On Tuesday I was talking about whether it does a user an disservice to simply give them a selection of "Form X by Field Y"-type Notes views when building for the web.

I then (over-)promised to show some alternatives. Hopefully you're not expecting anything revolutionary, coz that they ain't. Just something different. Extra tools for the toolbox.

Infinite Scrolling

The first alternative is to use "infinite scrolling". This is something you'll be used to if you use Twitter or Pinterest. The pages load the most recent content and, when you scroll to the end of that list, it loads more. And so on, until there's no more to load.

The screenshot below is of this Domino-based "infinite scrolling" view.


Combined with the fact some of the column headers are sortable/clickable it makes the "Invoices by X" links in the nav bar redundant, as it does page navigation.

What surprised me was how "simple" it was to implement. At first I'd gone looking for ready-built jQuery plugins to do it, but they all weighed in at +20kb and were either overkill or not particularly suited to Domino (nothing ever is!).

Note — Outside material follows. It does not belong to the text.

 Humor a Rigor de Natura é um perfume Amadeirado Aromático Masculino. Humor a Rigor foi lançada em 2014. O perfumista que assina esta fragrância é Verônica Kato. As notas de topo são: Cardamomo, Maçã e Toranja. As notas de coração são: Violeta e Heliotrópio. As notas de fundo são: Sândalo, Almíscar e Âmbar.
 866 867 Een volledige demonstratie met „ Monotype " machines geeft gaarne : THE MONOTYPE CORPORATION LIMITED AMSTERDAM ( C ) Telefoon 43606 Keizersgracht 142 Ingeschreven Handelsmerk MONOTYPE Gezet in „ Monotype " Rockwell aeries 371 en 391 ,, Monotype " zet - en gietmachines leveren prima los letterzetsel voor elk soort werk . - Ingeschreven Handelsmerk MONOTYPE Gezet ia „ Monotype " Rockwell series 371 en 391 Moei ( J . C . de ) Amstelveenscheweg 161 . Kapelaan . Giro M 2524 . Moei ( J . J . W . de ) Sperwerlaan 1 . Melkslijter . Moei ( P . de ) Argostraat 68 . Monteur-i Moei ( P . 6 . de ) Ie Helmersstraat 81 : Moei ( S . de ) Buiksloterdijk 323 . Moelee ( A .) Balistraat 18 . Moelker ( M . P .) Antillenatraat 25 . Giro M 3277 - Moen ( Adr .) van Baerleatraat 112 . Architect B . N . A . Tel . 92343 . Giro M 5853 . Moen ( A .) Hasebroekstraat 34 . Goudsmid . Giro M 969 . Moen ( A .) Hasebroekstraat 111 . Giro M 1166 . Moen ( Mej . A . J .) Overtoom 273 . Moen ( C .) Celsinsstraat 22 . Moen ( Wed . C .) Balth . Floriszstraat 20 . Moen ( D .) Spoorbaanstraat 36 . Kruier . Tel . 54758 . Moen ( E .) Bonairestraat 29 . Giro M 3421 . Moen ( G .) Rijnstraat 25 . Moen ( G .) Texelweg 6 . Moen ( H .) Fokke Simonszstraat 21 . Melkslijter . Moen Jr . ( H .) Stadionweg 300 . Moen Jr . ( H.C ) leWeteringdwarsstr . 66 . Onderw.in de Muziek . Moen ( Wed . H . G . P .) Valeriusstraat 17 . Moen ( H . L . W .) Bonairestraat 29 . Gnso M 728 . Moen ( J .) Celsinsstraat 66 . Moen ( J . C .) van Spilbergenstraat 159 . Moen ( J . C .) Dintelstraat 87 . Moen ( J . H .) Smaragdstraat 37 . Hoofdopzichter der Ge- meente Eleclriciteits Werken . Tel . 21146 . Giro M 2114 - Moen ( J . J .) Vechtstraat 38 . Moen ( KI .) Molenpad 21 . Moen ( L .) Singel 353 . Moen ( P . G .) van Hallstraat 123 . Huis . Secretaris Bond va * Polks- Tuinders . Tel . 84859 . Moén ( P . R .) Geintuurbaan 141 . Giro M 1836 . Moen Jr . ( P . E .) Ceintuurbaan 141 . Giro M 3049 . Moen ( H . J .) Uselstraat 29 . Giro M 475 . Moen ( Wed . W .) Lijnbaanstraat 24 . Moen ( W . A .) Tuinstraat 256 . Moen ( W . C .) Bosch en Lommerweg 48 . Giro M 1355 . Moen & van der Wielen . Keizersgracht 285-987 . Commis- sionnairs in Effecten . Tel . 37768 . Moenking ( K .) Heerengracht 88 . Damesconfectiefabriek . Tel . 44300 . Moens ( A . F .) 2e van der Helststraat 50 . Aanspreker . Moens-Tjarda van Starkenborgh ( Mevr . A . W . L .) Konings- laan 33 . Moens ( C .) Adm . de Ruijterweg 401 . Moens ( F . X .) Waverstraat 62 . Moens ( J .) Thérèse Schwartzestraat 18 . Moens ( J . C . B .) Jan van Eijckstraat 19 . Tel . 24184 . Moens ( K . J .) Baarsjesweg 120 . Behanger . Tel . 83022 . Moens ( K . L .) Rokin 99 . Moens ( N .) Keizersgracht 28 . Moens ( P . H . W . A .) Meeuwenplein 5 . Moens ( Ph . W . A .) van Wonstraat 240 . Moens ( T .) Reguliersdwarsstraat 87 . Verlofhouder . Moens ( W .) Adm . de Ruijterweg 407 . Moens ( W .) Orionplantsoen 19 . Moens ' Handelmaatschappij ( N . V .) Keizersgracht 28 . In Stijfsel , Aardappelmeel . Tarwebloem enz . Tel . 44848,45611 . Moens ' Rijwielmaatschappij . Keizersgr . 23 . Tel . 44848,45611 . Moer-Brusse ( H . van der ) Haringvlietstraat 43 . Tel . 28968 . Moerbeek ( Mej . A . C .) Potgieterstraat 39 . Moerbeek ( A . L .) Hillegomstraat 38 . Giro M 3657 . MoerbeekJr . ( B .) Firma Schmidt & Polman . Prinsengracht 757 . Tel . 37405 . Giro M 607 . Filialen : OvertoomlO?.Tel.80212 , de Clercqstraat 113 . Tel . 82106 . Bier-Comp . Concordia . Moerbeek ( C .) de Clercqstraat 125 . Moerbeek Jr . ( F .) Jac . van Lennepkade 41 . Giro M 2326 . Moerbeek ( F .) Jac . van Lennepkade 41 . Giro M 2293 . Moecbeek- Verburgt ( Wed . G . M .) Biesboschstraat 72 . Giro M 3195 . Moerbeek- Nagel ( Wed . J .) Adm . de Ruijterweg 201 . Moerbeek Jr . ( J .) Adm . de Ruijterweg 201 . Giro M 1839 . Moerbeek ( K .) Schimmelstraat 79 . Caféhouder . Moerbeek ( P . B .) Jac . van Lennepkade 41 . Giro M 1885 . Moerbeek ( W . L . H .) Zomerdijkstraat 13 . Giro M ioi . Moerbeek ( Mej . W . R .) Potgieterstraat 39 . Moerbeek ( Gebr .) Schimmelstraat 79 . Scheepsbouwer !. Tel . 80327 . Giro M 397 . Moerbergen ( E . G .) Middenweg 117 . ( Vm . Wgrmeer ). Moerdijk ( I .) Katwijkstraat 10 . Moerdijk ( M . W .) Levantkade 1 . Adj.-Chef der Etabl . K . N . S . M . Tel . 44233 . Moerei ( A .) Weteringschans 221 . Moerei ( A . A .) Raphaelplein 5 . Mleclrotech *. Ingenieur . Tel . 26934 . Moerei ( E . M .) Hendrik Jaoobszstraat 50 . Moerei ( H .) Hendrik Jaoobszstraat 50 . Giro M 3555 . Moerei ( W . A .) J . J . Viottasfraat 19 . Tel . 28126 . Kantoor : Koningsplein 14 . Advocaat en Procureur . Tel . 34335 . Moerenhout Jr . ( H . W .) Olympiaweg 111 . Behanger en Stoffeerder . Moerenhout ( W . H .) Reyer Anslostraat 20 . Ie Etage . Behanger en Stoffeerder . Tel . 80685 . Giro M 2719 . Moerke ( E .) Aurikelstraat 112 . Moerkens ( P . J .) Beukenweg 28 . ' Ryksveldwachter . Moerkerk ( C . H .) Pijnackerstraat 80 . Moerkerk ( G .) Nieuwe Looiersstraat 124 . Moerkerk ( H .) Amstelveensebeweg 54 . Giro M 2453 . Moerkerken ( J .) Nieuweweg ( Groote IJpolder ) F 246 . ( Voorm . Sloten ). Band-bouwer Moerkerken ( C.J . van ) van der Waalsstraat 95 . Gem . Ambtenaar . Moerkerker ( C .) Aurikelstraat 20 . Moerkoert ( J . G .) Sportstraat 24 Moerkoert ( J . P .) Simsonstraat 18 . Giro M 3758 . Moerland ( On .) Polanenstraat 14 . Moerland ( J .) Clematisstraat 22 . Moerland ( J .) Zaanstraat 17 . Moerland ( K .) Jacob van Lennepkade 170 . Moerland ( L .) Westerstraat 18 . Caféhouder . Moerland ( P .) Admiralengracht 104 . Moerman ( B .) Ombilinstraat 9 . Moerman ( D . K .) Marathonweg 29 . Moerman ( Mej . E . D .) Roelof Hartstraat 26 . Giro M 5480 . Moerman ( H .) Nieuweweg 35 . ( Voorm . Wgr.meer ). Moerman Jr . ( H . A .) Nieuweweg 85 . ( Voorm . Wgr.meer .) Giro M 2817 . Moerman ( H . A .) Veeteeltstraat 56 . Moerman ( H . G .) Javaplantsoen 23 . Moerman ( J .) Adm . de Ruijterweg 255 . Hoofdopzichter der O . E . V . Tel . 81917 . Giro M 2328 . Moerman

So I wrote my own jQuery plugin to do the job, using about 20 - 30 lines of code. I'll talk more next post on the code involved. For now I want to discuss the pros and cons of these types of view.

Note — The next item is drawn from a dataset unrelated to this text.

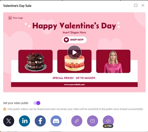 You can also include a clear call to action in your video, prompting viewers to take specific steps, such as visiting your website, making a purchase or signing up for an exclusive Valentine's Day offer. It provides a more direct and interactive way to direct potential customers.
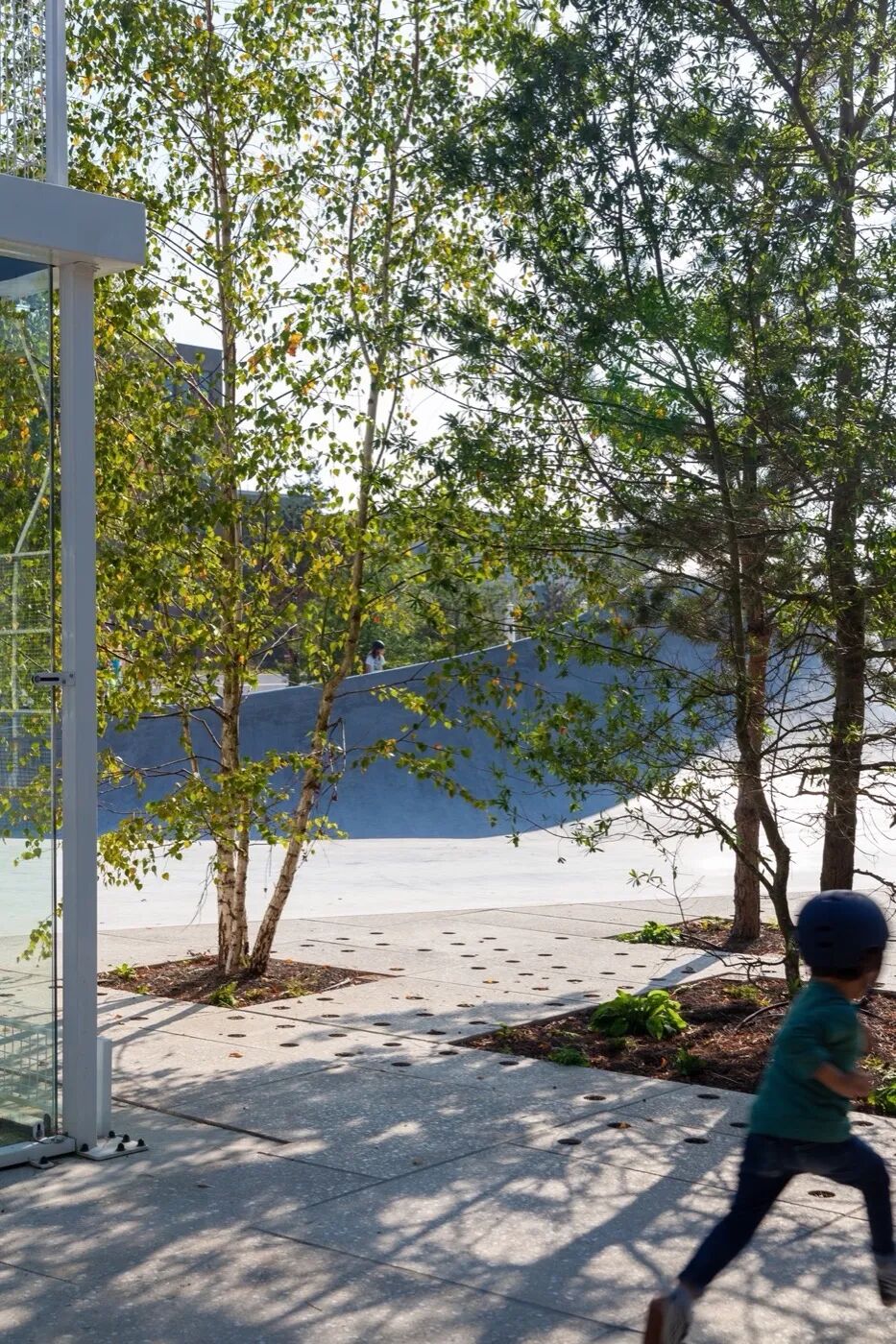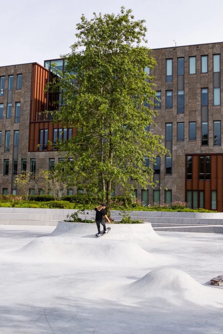广场被设计为混色区域中的森林从远处可以看到,但从里面看是隐蔽和宜人的。广场上有一个专用滑冰区一种抽象的波浪,它是主要的引人注目的地方。该广场还有快餐车空间。员工可以在这里享用下午的午餐,然后在树荫下享用。

Hmm. What are the advantages? I'm not really sure. They're nice, I guess. Saves the user having to press the "Next Page" link each time they get to the bottom. Other than that...


Oddly, I can think of plenty of these, even though I'm suggesting they're use as an alternative to the normal way of doing things.

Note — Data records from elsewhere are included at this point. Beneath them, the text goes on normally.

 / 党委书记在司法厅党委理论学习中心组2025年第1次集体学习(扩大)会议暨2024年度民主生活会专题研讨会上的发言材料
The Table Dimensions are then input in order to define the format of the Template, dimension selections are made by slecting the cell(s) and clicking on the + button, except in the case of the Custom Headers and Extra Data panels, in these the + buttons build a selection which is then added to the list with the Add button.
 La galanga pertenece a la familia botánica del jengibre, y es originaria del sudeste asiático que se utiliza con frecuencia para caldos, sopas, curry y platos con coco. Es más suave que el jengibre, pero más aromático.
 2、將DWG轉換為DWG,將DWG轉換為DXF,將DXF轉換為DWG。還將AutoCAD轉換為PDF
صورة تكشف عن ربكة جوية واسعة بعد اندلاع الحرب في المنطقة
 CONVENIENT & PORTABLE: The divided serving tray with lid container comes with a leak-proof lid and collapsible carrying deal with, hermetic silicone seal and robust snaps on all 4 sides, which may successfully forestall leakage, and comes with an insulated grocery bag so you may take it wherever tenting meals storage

  • What I find most annoying about these views is that the scrollbar jumps out of each if, like me, you use the mouse to click the scrollbar and pull it down to scroll. Once more content loads the scrollbar puller moves and you have to move your mouse back up to grab hold of it again.
  • Once the first page loads you can't use the scrollbar's size as a visual indicator to work out how much content there actually is.
  • It breaks the back button (although there are ways round that)
  • It blocks access to the page's footer area, as you can never quite get to it until all the content has loaded! In the example above, there isn't anything in the footer, but if you do have something like FAQ or Contact Us links you don't want to prevent people ever being able to scroll down to them!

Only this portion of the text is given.